Despite the progress, the eval remains challenging for even current frontier models. In an easier version of the eval, where we require only the ordering of the impacts to be consistent, the leading model achieves almost 90% consistency. This is not an easy feat, considering that the we are comparing very diverse impacts ranging from GHG emissions to creating meaning & joy.

The full results are outlined in the table below:

Model	Model type	Performance	$/1M tasks	Mean log err.	Release date
Claude 3.7 Sonnet (t)	Hybrid	73.25 %	$19,038	0.37	2025-02-24
Claude 3.7 Sonnet	Hybrid	72.47 %	$9,116	0.38	2025-02-24
OpenAI o1	Reasoning	72.28 %	$96,391	0.40	2024-09-12
Deepseek R1-1776	Reasoning	69.59 %	$4,237	0.44	2025-01-20
OpenAI o3-mini	Reasoning	66.88 %	$8,338	0.46	2025-01-31
OpenAI GPT-4	Classic	66.22 %	$25,487	0.46	2023-03-14
OpenAI GPT-4o	Classic	66.03 %	$4,072	0.45	2024-05-13
Gemini 1.5 Pro	Classic	64.72 %	$2,204	0.45	2025-02-15
Gemini 2.0 Flash	Classic	61.03 %	$159	0.49	2025-01-30
Mistral Large 2	Classic	59.84 %	$2,251	0.49	2024-07-24
OpenAI GPT 3.5 Turbo	Classic	30.47 %	$418	0.83	2022-03-01

Table 2: Summary of full results of LLM's performance in CoCoCo, which measures the ability of LLMs to understand impact in an internally consistent manner.

Evaluating consistency with facts

While an LLM's internal consistency in understanding the world is one matter, its alignment with reality—including human values—is quite another.

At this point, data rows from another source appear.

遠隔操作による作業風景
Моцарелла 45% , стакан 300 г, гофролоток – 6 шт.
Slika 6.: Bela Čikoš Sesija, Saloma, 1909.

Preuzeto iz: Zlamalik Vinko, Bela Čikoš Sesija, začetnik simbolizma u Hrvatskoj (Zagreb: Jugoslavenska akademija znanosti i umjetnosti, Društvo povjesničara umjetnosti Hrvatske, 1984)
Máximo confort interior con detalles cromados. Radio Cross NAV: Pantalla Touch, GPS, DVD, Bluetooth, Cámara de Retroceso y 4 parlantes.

We are currently preparing additional evaluations in this area by drawing on our extensive database of 300 million research papers (converted into structured data), along with a curated set of 30,000 manually annotated papers.

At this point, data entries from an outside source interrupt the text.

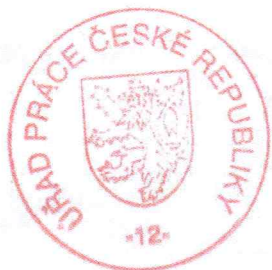
Mgr. Jiří Šimek

Podle ust. § 81 odst. 1 správního řádu, lze proti tomuto rozhodnutí podat odvolání k Ministerstvu práce a sociálních věcí, prostřednictvím Úřadu práce, u něhož se odvolání podává. Podle ust. § 83 odst. 1 správního řádu činí lhůta pro podání odvolání 15 dnů. Lhůta pro podání odvolání běží ode dne následujícího po doručení písemného vyhotovení rozhodnutí, nejpozději však po uplynutí desátého dne ode dne, kdy bylo nedoručené a uložené rozhodnutí připraveno k vyzvednutí.
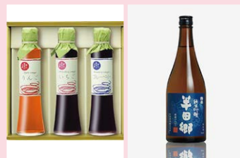
お酢の醸造蔵 三井酢店 詰め合わせギフト／國盛酒の文化館 國盛純米吟醸 半田郷酵母1801 (720ml) 他
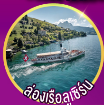
ล่องเรือลูซิิร์น

In the meantime, we can highlight three key findings:

Internal consistency of answers (unsurprisingly) correlates with factual accuracy
LLMs naturally overemphasize impacts at the production stage while underestimating impacts during end-use
LLMs often favor contrafactuals that cast companies' impacts in a more positive light and minimize especially environmental impacts

We suspect these biases arise from the LLMs' training data, which include large volumes of corporate sustainability reports and similar content. Such documents typically adopt a positive spin and focus on readily measurable internal operations, with the latter leading to an overemphasis on production-related matters.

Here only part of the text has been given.